Tuesday 20 Nov 2012 2:15 p.m.

Fort Lane before and after it was made into a shared space

See the photo gallery

By Imogen Crispe

Auckland is on its way to becoming a people-city rather than a car-city as more shared spaces are unveiled.

Since last year at least five new shared spaces have opened, two more are set to be completed this week, and there are plans for more streets to become shared in the future as the Auckland Council realises how successful the current spaces are becoming.

Auckland Council’s environmental strategy and policy manager Ludo Campbell-Reid says shared spaces are part of his vision for the city centre to move away from being so car-oriented.

“We want to shift the balance of power from a city designed for private vehicles to a city designed for people.”

He says people are what make a city area prosperous, not cars, and shared spaces have proved popular in overseas cities such as Copenhagen, Brighton and London.

“People spend money, people shop.

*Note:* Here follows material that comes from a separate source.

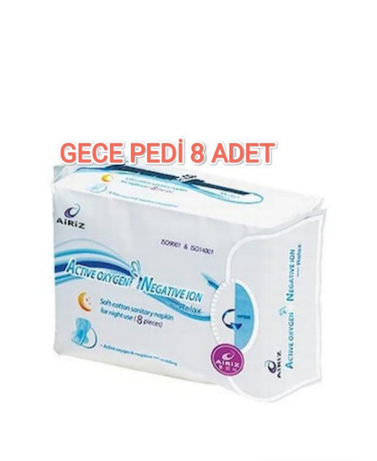 AiRiZ yumuşak pamuklu hijyenik pedler, gece kullanımı için aktif oksijen ve negatif iyon dolgulu, 8 adet içerir.

People activate cities, not the private cars.

“What attracts people [to an area] is people […] the joy and theatre of public life.”

Shared spaces are areas where there is no delineation between footpath and road and pedestrians have the right-of-way.

But Mr Campbell-Reid says he is not anti-cars, and for that reason chose to create shared spaces over pedestrian-only areas.

So far public feedback from the projects has been positive. A report on the Fort Street, Fort Lane and Jean Batten Place shared spaces published in September found 91 percent of users and stakeholders were pleased with the changes and 75 percent of property owners thought it was beneficial to be located near a shared space.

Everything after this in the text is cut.